2. “We are just an advanced breed of monkeys on a minor planet of a very average star. But we can understand the Universe. That makes us something very special.”
3.“Even if there is only one possible unified theory, it is just a set of rules and equations. What is it that breathes fire into the equations and makes a universe for them to describe? The usual approach of science of constructing a mathematical model cannot answer the questions of why there should be a universe for the model to describe. Why does the universe go to all the bother of existing?”
4. “For millions of years, mankind lived just like the animals. Then something happened which unleashed the power of our imagination. We learned to talk and we learned to listen. Speech has allowed the communication of ideas, enabling human beings to work together to build the impossible. Mankind's greatest achievements have come about by talking, and its greatest failures by not talking. It doesn't have to be like this. Our greatest hopes could become reality in the future. With the technology at our disposal, the possibilities are unbounded. All we need to do is make sure we keep talking.”
5. “It surprises me how disinterested we are today about things like physics, space, the universe and philosophy of our existence, our purpose, our final destination. It’s a crazy world out there. Be curious.”
6. “My expectations were reduced to zero when I was 21. Everything since then has been a bonus."
7. “The victim should have the right to end his life, if he wants. But I think it would be a great mistake. However bad life may seem, there is always something you can do, and succeed at. While there's life, there is hope.”
8. “I have noticed that even those who assert that everything is predestined and that we can change nothing about it still look both ways before they cross the street”

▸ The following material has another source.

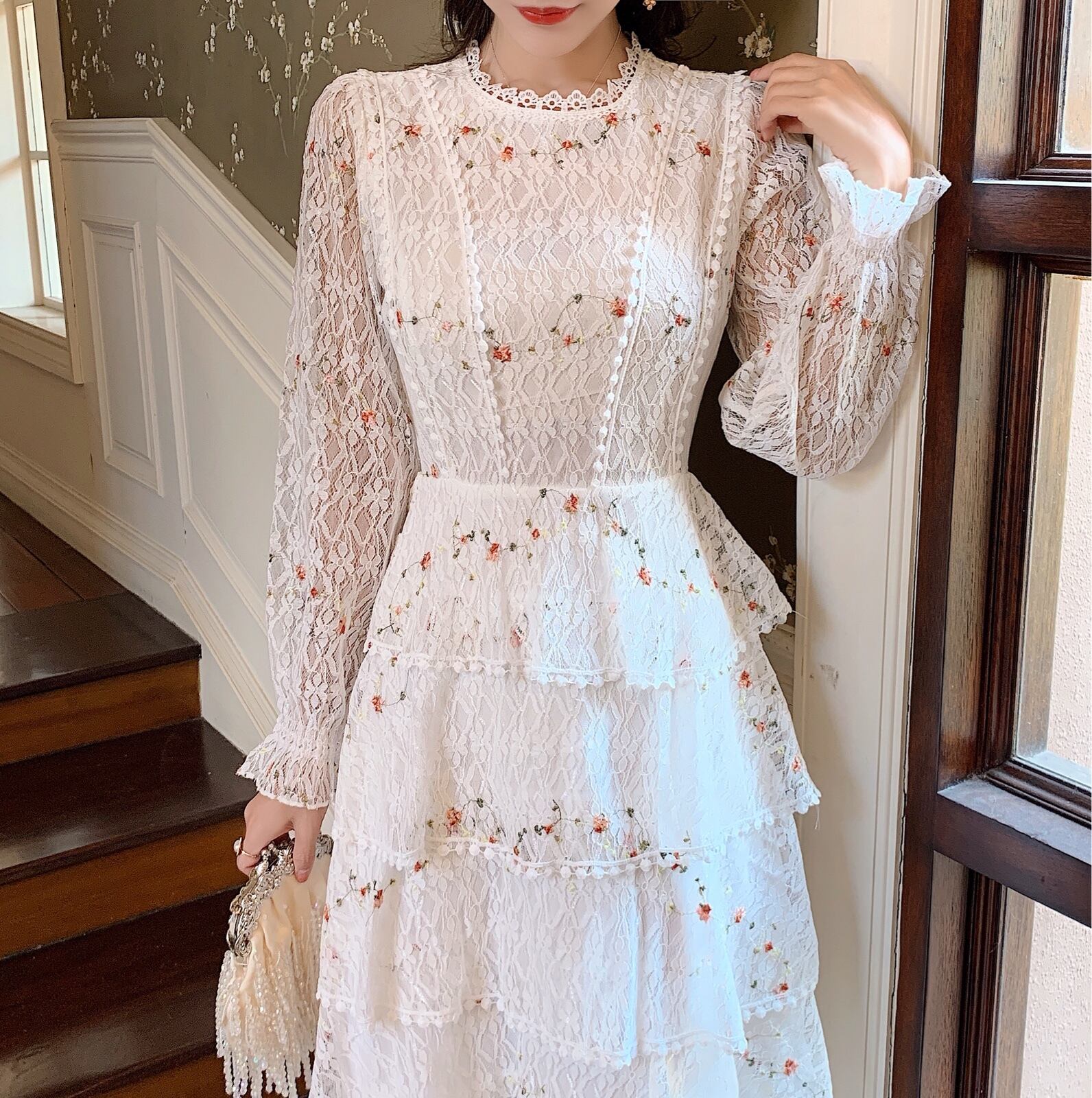 ティアードレースワンピース レースワンピース. レースドレス ハイウエスト 刺繍 ドレス ワンピース. 長袖 半袖 パーティー お呼ばれ 結婚式. 二次会. a3709
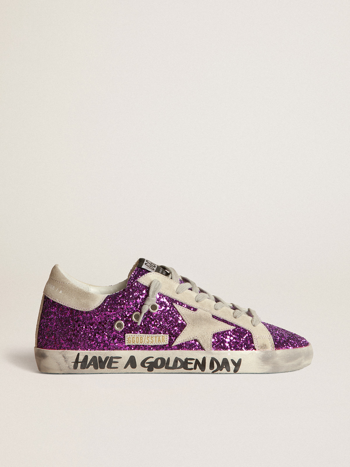 Super Star sneakers with purple glitter and lettering on the Very well made.

9. “I believe the simplest explanation is, there is no God. No one created the universe and no one directs our fate. This leads me to a profound realization that there probably is no heaven and no afterlife either. We have this one life to appreciate the grand design of the universe and for that, I am extremely grateful.”
10. “[In the Universe it may be that] Primitive life is very common and intelligent life is fairly rare. Some would say it has yet to occur on Earth.”
11. “I think computer viruses should count as life ... I think it says something about human nature that the only form of life we have created so far is purely destructive. We've created life in our own image.”
12. “One of the basic rules of the universe is that nothing is perfect. Perfection simply doesn't exist.....Without imperfection, neither you nor I would exist”
13. “My goal is simple. It is a complete understanding of the universe, why it is as it is and why it exists at all.”
14. “When people ask me if a god created the universe, I tell them that the question itself makes no sense. Time didn’t exist before the big bang, so there is no time for god to make the universe in. It’s like asking directions to the edge of the earth; The Earth is a sphere; it doesn’t have an edge; so looking for it is a futile exercise. We are each free to believe what we want, and it’s my view that the simplest explanation is; there is no god. No one created our universe,and no one directs our fate. This leads me to a profound realization; There is probably no heaven, and no afterlife either. We have this one life to appreciate the grand design of the universe, and for that I am extremely grateful.”
15. “There is a fundamental difference between religion, which is based on authority, and science, which is based on observation and reason. Science will win because it works.”